Prose est en effet le titre des deux nouveaux volumes de Mme Tastu. N’auront-ils pas été produits un peu au hasard, sans suite, sans but, sans prétention, en des heures de découragement poétique ? Nous le supposerions volontiers d’après leur contenu. Ils se composent d’histoires détachées, tantôt originales, tantôt traduites ou imitées de l’anglais. Ces divers morceaux sont écrits sagement et d’un style correct. C’est leur qualité principale. Il s’en faut que ceux dont l’auteur avoue l’origine britannique, soient les plus attachans et les meilleurs. Quel mérite particulier leur a pu valoir d’être importés chez nous par Mme Tastu ? Nous concevons qu’un écrivain résiste difficilement à la tentation d’enrichir sa propre langue d’une œuvre étrangère dont la lecture l’a frappé vivement. Ainsi Mme Tastu était-elle applaudie de tous quand elle traduisait en beaux vers, des fragmens choisis de Shakspeare, de Moore et de Byron ? Mais qu’elle puise maintenant pour sa prose, dans la prose de miss Landon ou d’autres médiocrités anglaises du même rang, voilà ce que nous sommes tentés de ne lui pas pardonner.

On dirait, en vérité, qu’un commerce fréquent avec cette littérature anglaise contemporaine, si impuissante et décolorée, a communiqué à Mme Tastu elle-même l’insignifiance et la pâleur.
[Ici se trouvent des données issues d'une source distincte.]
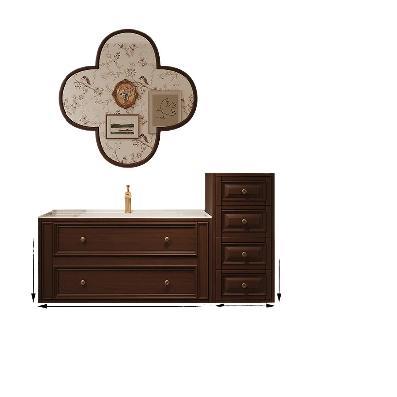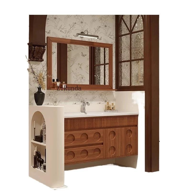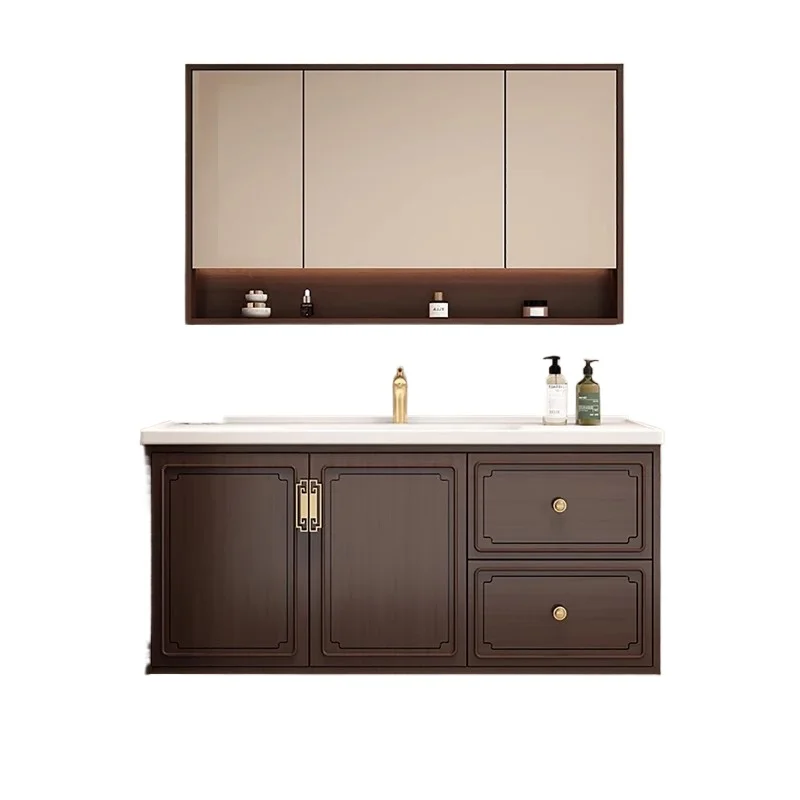 Nuovo mobile da bagno cinese in rovere, lavabo integrato in ceramica, specchio intelligente, mobile da bagno a parete in stile medievale

Plusieurs des compositions soi-disant originales de son recueil portent une sorte de cachet anglais. Ce sont de longs récits inanimés, invraisemblables, du goût de ceux qui encombrent mensuellement les illisibles magazines de Londres. L’auteur aurait-il oublié d’en indiquer la source étrangère ? Nous le voulons croire, afin de n’en point faire peser sur lui la responsabilité. Au nombre de ces morceaux tout-à-fait indignes de Mme Tastu, nous placerons le Bracelet maure, une manière d’histoire fantastique parfaitement inintelligible.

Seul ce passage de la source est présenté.